Tuna is another important ingredient in Alicante that has made a big contribution to the culture, and for many centuries was a huge part of the economy. Before Benidorm became one of Europe’s largest holiday resorts, its fishermen were known throughout the Mediterranean as the best tuna fishers in the entire sea. There are various types of tuna fished near Alicante; the small bonito tuna is often dried whole and can still be seen in Alicante’s central market hanging up for sale, while larger tuna species are cut into pieces and salted and dried. Together these types of preserved fish are known as salazones and are an important part of the diet throughout the costal Levant and across the southern Mediterranean coast of Spain. In Alicante they are mostly eaten as a starter with fresh tomato, onion and extra virgin olive oil; indeed for many in the city, a salazón isn’t a salazón without them.

What Alicantinos take for granted is the high quality and variety of their fruit and vegetables. On a walk around the downstairs vegetable section of the central market, you’ll see stall after stall selling a mind-boggling variety of citrus fruits, other fruits, tomatoes of many different sizes and types, as well as seasonal vegetables shown without fuss. It’s a real demonstration of the fact that seasonality is a way of life here rather than a buzzword.

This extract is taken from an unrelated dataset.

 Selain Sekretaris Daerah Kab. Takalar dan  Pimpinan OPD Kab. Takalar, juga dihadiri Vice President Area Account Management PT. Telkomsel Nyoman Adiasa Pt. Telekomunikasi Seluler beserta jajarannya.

A casual observer of Alicante’s central market, other food shops and well-regarded restaurant menus in the city would notice that while Alicantinos are proud of their own food heritage and traditions, they are also great lovers of the best of the rest of Spain. The Iberico ham and the cheeses of northern and central Spain, among other cheeses, take up space as obviously as the hyper-local produce, including fresh goats' cheese, queso blanquet or San Antonio goats' cheese (made exclusively from the Murciano-Granadino goats' milk) or the queso de servilleta, which can be made from sheep or goat milk. This shows Alicante to be a city focused on living and eating well, both with the best of their own and the best of the rest of Spain.

Where to eat in Alicante:

Baeza y Rufete: Alicante’s only Michelin-starred restaurant, Baeza y Rufete is located by a shopping centre on a quiet street in the city. Chef Joaquin Baeza uses single estate extra virgin olive oils, sea water and seaweed in his dishes, which showcase local seasonal produce. Baeza is best known for his ‘black egg’ dish which won him chef of the year in Spain and is a permanent fixture on the menu.

Pocardy: A two-minute walk from Alicante’s famous San Juan beach and part of the family run Hotel Almirante, Pocardy is the place where Alicantinos in the know come for their Sunday rice. As befits the costal location, most of the rice dishes are made with seafood but meat lovers and vegetarians are also catered for.

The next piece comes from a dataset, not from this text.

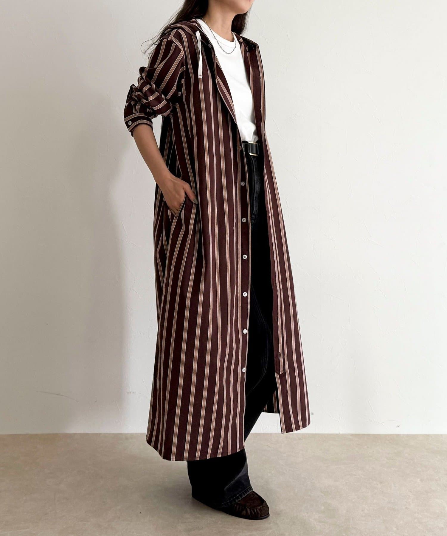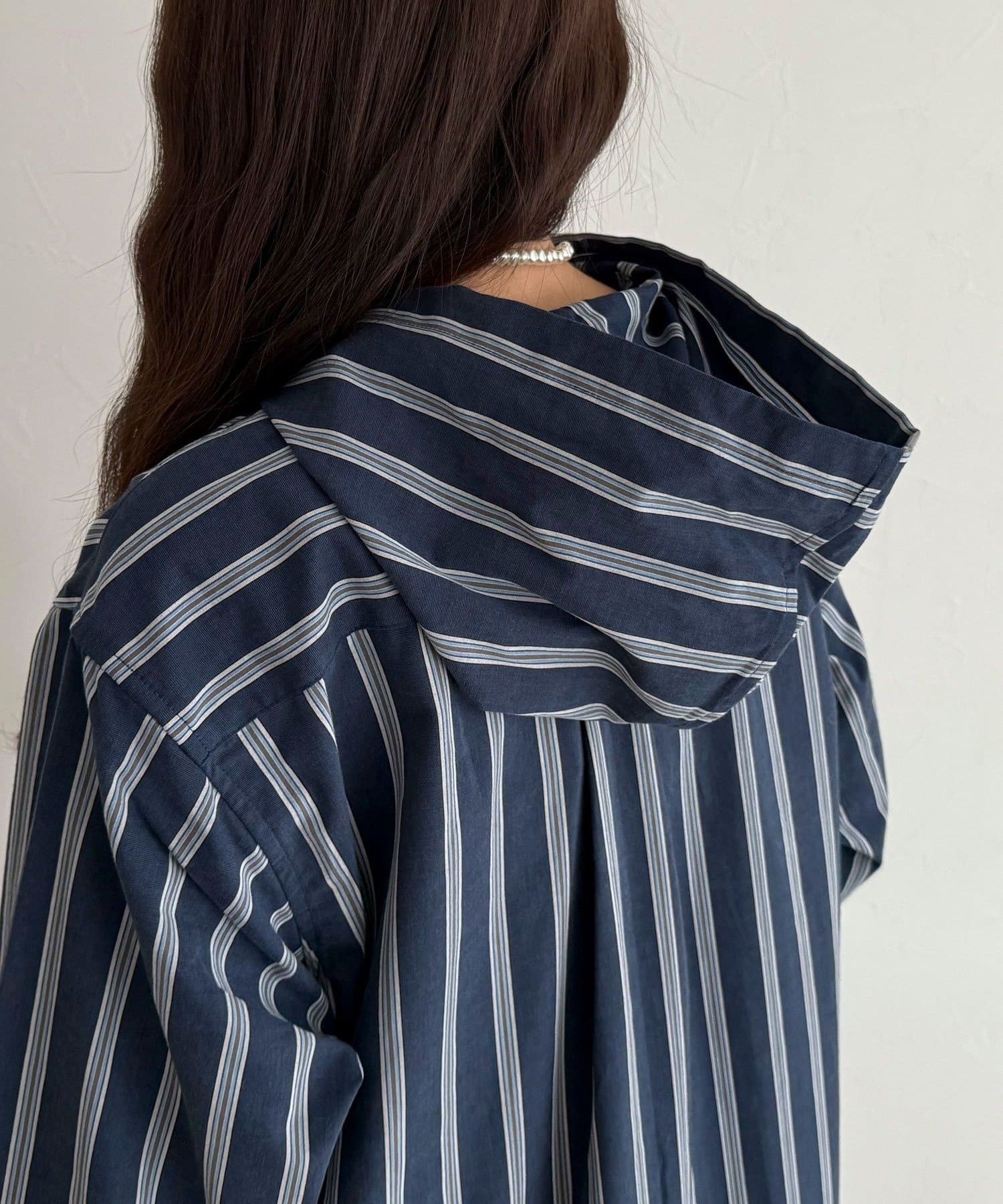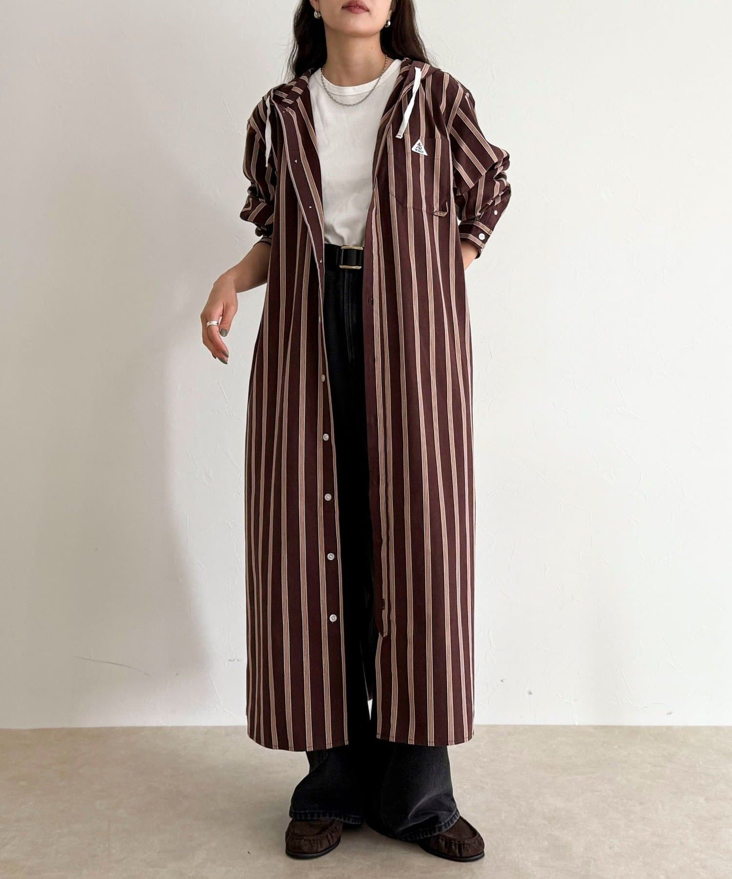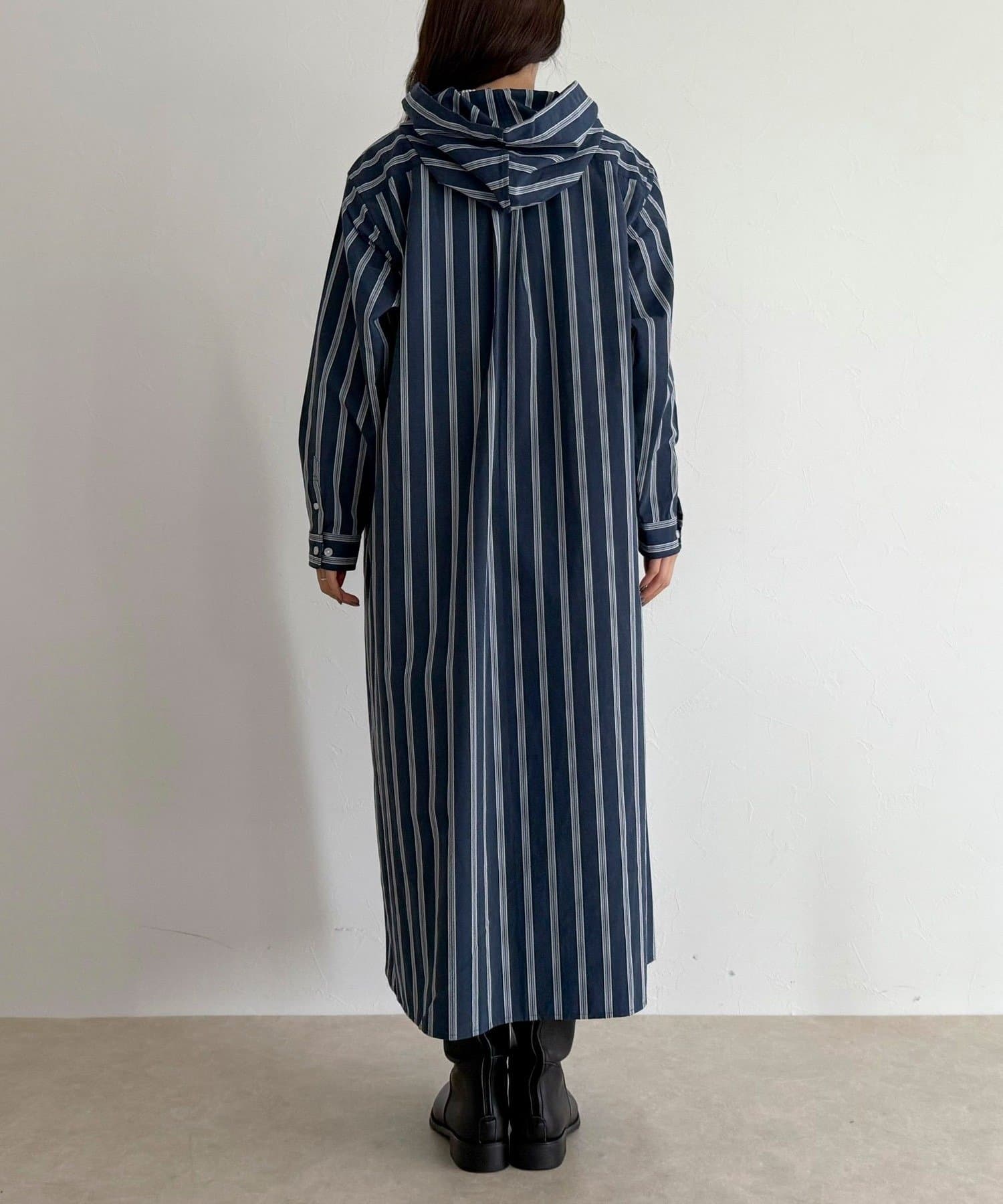 ・カジュアルなフードデザインを取り入れたシャツワンピース

Templo: Right in the heart of the old town, this temple to the art of aging different breeds and cuts of beef is run by a former garlic exporter, who fell in love with the idea of a dedicated meat restaurant while on a business trip to Montreal. While meat is the star of the show here, the traditional salazones of Alicante are also given a twist with unusual cuts salted then smoked to the general delight of locals.

La Bodega de Meyos: In the San Juan area, De Meyos serves freshly cooked local dishes accompanied by a wine list of over five-hundred wines, from the biggest names in Spain to tiny local wineries. The wines are all available to take away and it’s just €5 corkage to have them in the restaurant. There are also plenty of wines by the glass and you can ask to try something not listed.